- Directed by: Florence Turner
- Starring: Florence Turner Laurence Trimble
- Production company: Turner Film Company
- Release date: 1914;
- Running time: 9 minutes
- Country: United Kingdom

= Daisy Doodad's Dial =

1914 British film by Florence Turner

Daisy Doodad's Dial is a 1914 silent British comedy film, directed by Florence Turner, who also starred in the film alongside Laurence Trimble.

==Plot==
Daisy Doodad and her husband decide to enter a face-pulling competition, but on the day Daisy is prevented from taking part because she has a toothache.
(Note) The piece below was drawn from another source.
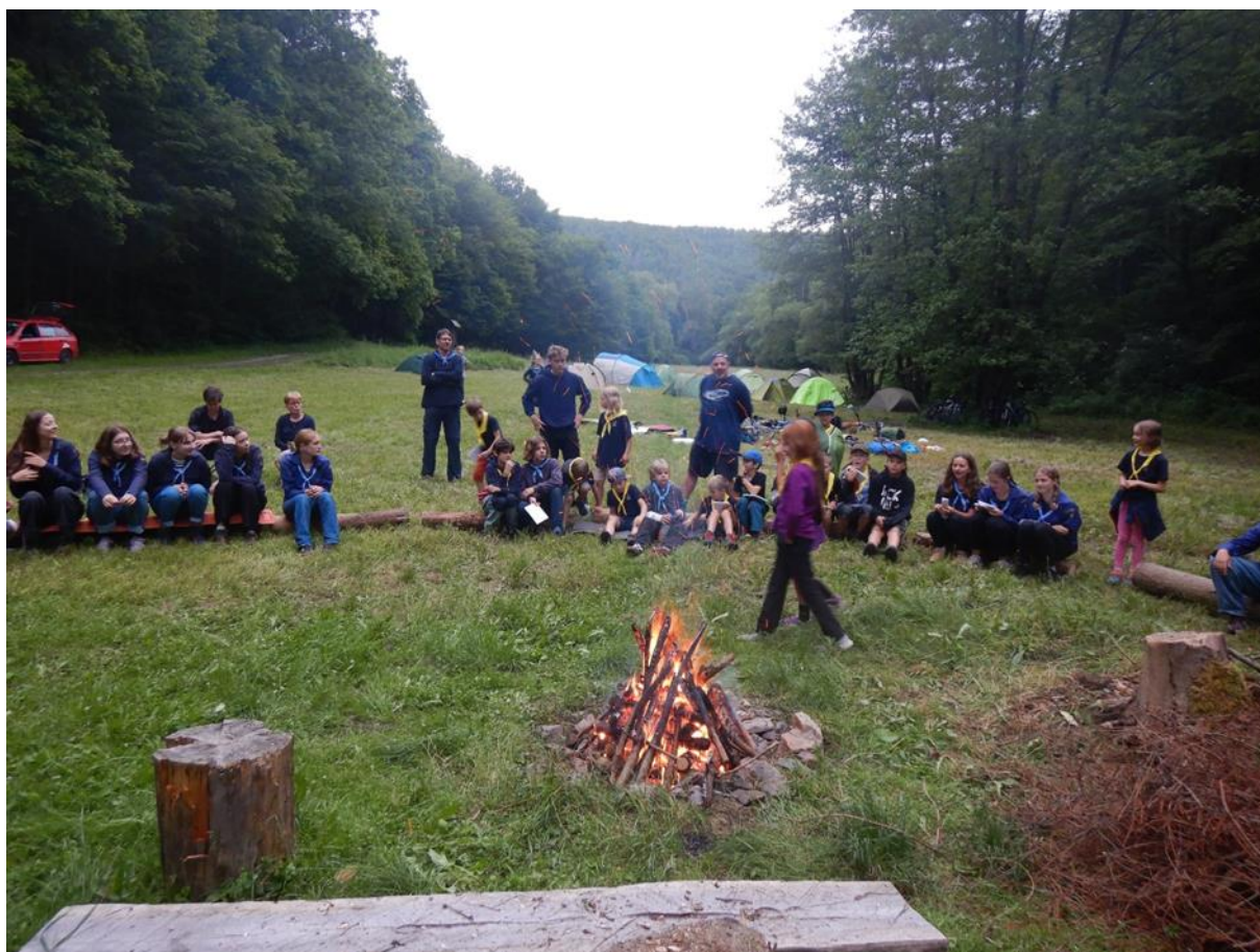
Pišišvoři a jejich vystoupení

Her husband ends up winning first prize, which greatly annoys her.

When she sees an advertisement for another face-pulling competition, she is determined to win, and spends time practising in a railway carriage and on the street. This eventually results in her arrest, for disturbing the peace. Her husband pays for her to be bailed, but she accuses him of arranging for her to be arrested.

Going to bed in a state of annoyance, Daisy has a nightmare featuring her own face-pulling efforts. Daisy makes further faces at the camera to end the film.

==Production==
American actress Florence Turner travelled to Britain in 1913 with Laurence Trimble, producing a number of films with her Turner Film Company between 1913 and 1916. Daisy Doodad's Dial was the only directing credit Turner ever received.